The Clovis people, known for their distinctive fluted spear points, were once thought to have entered North America through an ice-free corridor in Canada. The Channel Islands discovery raised the possibility that another group may have reached the continent by boat, following the Pacific coastline instead. The islands have also yielded the bones of pygmy mammoths and remarkably preserved archaeological sites that offer an unprecedented glimpse into Ice Age life. Five of the islands have been established as a national park.
However, the Channel Islands presented a puzzle. People living on an offshore island 13,000 years ago would have needed boats to get there, suggesting seafaring technology existed much earlier than previously believed. Some researchers have argued that the ice-free corridor may not have been fully open or ecologically viable when the first people reached the islands, raising the possibility that they arrived by sea instead. Researchers call this the "kelp highway" hypothesis.
Dr.
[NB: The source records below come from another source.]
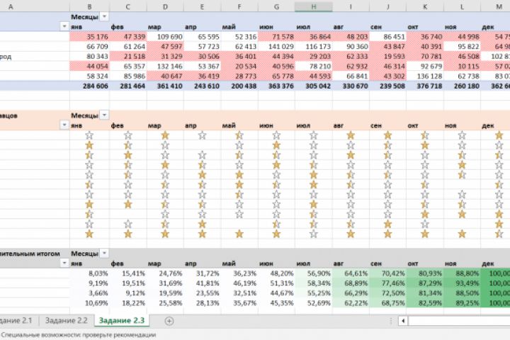 В задании необходимо было воспроизвести результат, данный заказчиком на картинке. Было выполнено условное форматирование (с формулами) для трех таблиц и достигнута полная идентичность вида.
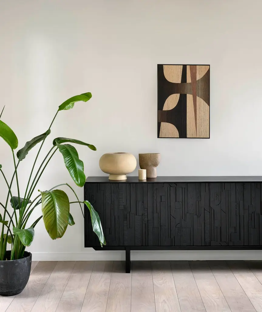 It all started with a happy incident. Inspired by the remaining offcuts from our factory designs, the layered wood pieces of the Mosaic sideboard form a rhythm, reminiscent of the partition of a pipe organ. Deeply influenced by music within his creative process, Alain van Havre offers a renewed translation of his obsession for movement.
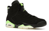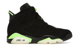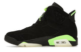 Description- The Air Jordan 6 Retro 'Electric Green' showcases a two-tone color scheme that recalls an Oregon PE colorway first seen online in 2018. The silhouette features a black nubuck upper with contrasting accents of neon green on the tongue and pull tab. Embroidered Jumpman branding arrives on the sneaker’s back heel. A polyurethane sole provides lightweight cushioning, highlighted with additional green hits and fitted with a visible Air sole unit. Underfoot, the semi-translucent rubber outsole is treated to a glow-in-the-dark finish.
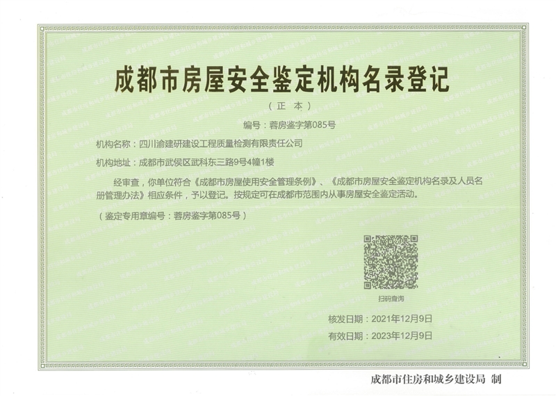 成都市房屋安全鑒定機構名錄登記
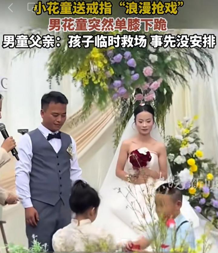 婚礼上小孩突然单膝下跪,这画面简直太逗了!近日在贵州金沙一场婚礼上,本来安排的小花童上场前胆怯了,旁边一个小男孩主动请缨。他拿着戒指上场后单膝下跪,给新郎“打个样”。 还有的婚礼上,司仪引导新郎单膝下跪时,花童突然抢先一步跪下,瞬间全场笑声爆棚。宾客们纷纷拿起手机记录这欢乐时刻。这些意外举动打破了婚礼传统仪式的严肃感,展现出孩童的天真无邪。谁说婚礼就得一本正经,这种意外反而增添了独特韵味,让婚礼更难忘,也提醒着我们,幸福无需刻意设计,自然流露的真情才最打动人。
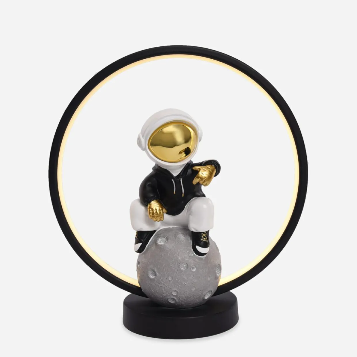 - Wbudowane oświetlenie LED sprawia, że po podłączeniu do źródła zasilania ASTRONAUTA zmienia się z dekoracji lampkę nocną.
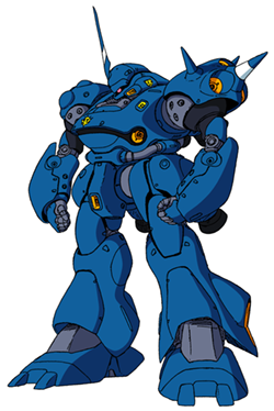 Description: The MS-18E Kämpfer (the German word "käempfer" translating to "fighter" or "champion") was a fast assault, hit-and-run mobile suit developed by the Principality of Zeon during the late stages of the One Year War in UC 0079 (Universal Century). The Kämpfer sacrificed armor for speed, using numerous high-fuel-consumption thrusters for fast strikes and quick disengagements. The incredible speed of the MS-18E was a devastating asset when properly used in conjunction with a formidable armament that included giant bazookas, shotguns and panzer fausts as well as a pair of beam sabers and dual head-mounted vulcan guns. In December UC 0079 Zeon operative Mikhail Kaminsky piloted the Kämpfer in a failed attack against the Earth Federation Forces new RX-78NT-1 Gundam G-4 Alex mobile suit.
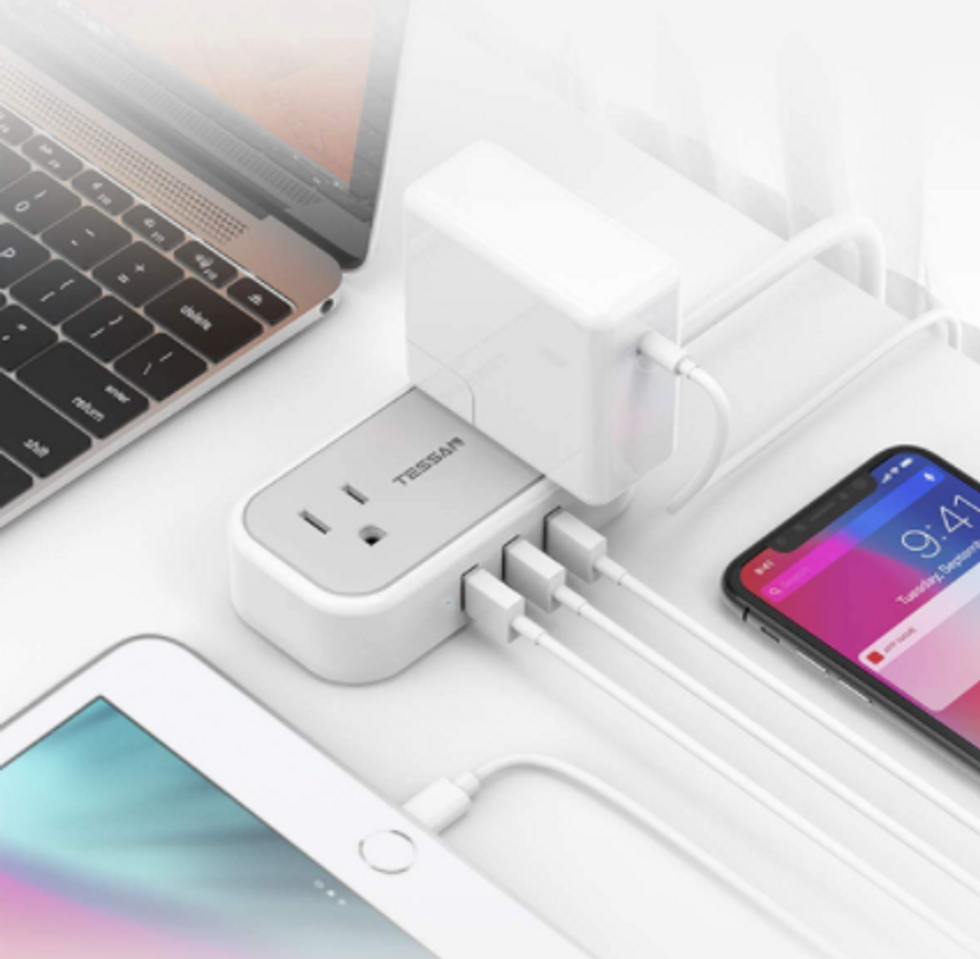 I have a secret obsession with power strips: Big ones, small ones, flat ones, even the ones that fit right up against your outlet. This small flat plug power strip might be the next one to be added to my Amazon cart. It sits flush on a nightstand or desk with two outlets and three USB ports to deliver plenty of juice to your gadgets. It comes in multiple colors with various cord lengths.
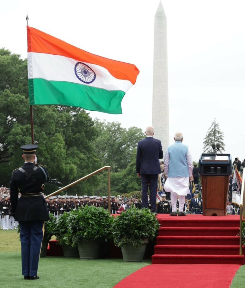 യുഎസ് പ്രസിഡന്റും ഇന്ത്യൻ പ്രധാനമന്ത്രിയും തമ്മിലുള്ള സൗഹൃദം പൂർണമായി പ്രദർശിപ്പിച്ചുകൊണ്ട് ബൈഡന് ഭരണകൂടം മോദിക്ക് ചുവന്ന പരവതാനി വിരിച്ചപ്പോൾ, ആഗോള നന്മയ്ക്കും സമാധാനത്തിനും സ്ഥിരതയ്ക്കും സമൃദ്ധിക്കും വേണ്ടി ഒരുമിച്ച് പ്രവർത്തിക്കാൻ ഇന്ത്യയും യുഎസും പ്രതിജ്ഞാബദ്ധമാണെന്ന് മോദി പ്രതികരിച്ചു.
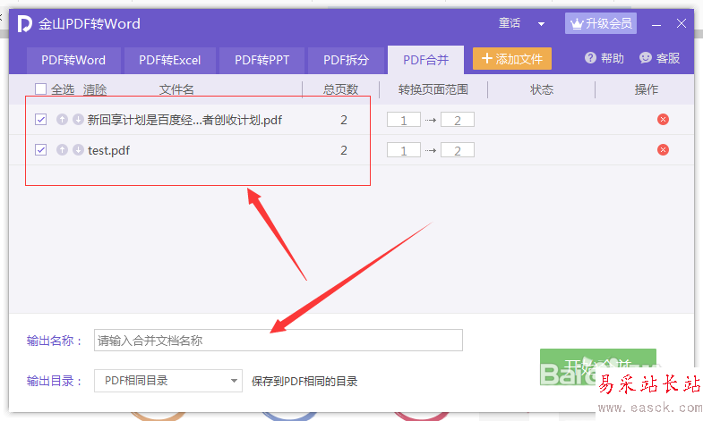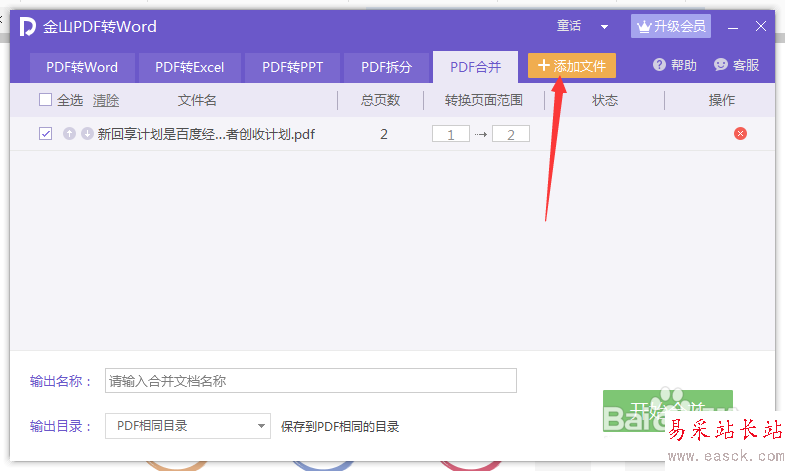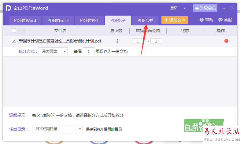 2、這樣就會彈出了一個pdf轉(zhuǎn)word的窗口中,進(jìn)行點(diǎn)擊pdf合并的選項。

John Johnson, the anthropology curator at the Santa Barbara Museum of Natural History, notes that kelp forest ecosystems stretch from Japan to Baja California with remarkably similar animal populations. This biological continuity supports the theory of an ancient coastal migration. During that era, travelers used watercraft to navigate around glaciers and eventually reached California.

Archaeological evidence indicates people first arrived on these islands approximately 13,000 years ago. Over time, these settlers evolved into the group we now identify as the Chumash. Their ancestral homeland covers California's central and southern coasts, encompassing the four northern Channel Islands.
During the Ice Age, massive ice sheets depressed global sea levels by hundreds of feet. Consequently, vast areas currently submerged were once dry land, potentially inhabited by America's earliest inhabitants. At that time, mammoths roamed what functioned as a single, larger island comprising today's northern Channel Islands. These giants evolved into dwarf versions known as pygmy mammoths.
The disappearance of these miniature elephants coincides with the arrival of humans, fueling speculation that early North American inhabitants hunted them. For thousands of years, the islands served as the homeland for Chumash ancestors who built sophisticated maritime communities. They traded shell bead money with mainland groups while maintaining complex social structures.
In 1542, Portuguese explorer Juan Rodríguez Cabrillo became the first European to reach California. Historians describe this event as Europe's furthest projection into a world it knew nothing about. Disease, colonization, and social upheaval soon followed, devastating Indigenous communities and forcing the abandonment of the islands.
One remarkable story from this period involves the "Lone Woman of San Nicolas Island." She survived alone on the island for about 18 years before rescue crews found her in 1853. Her ordeal later inspired the novel Island of the Blue Dolphins.
Today, scientists believe the islands conceal countless secrets beneath their rugged landscapes and surrounding waters. New research suggests that submerged areas might hold evidence of ancient settlements now hidden underwater.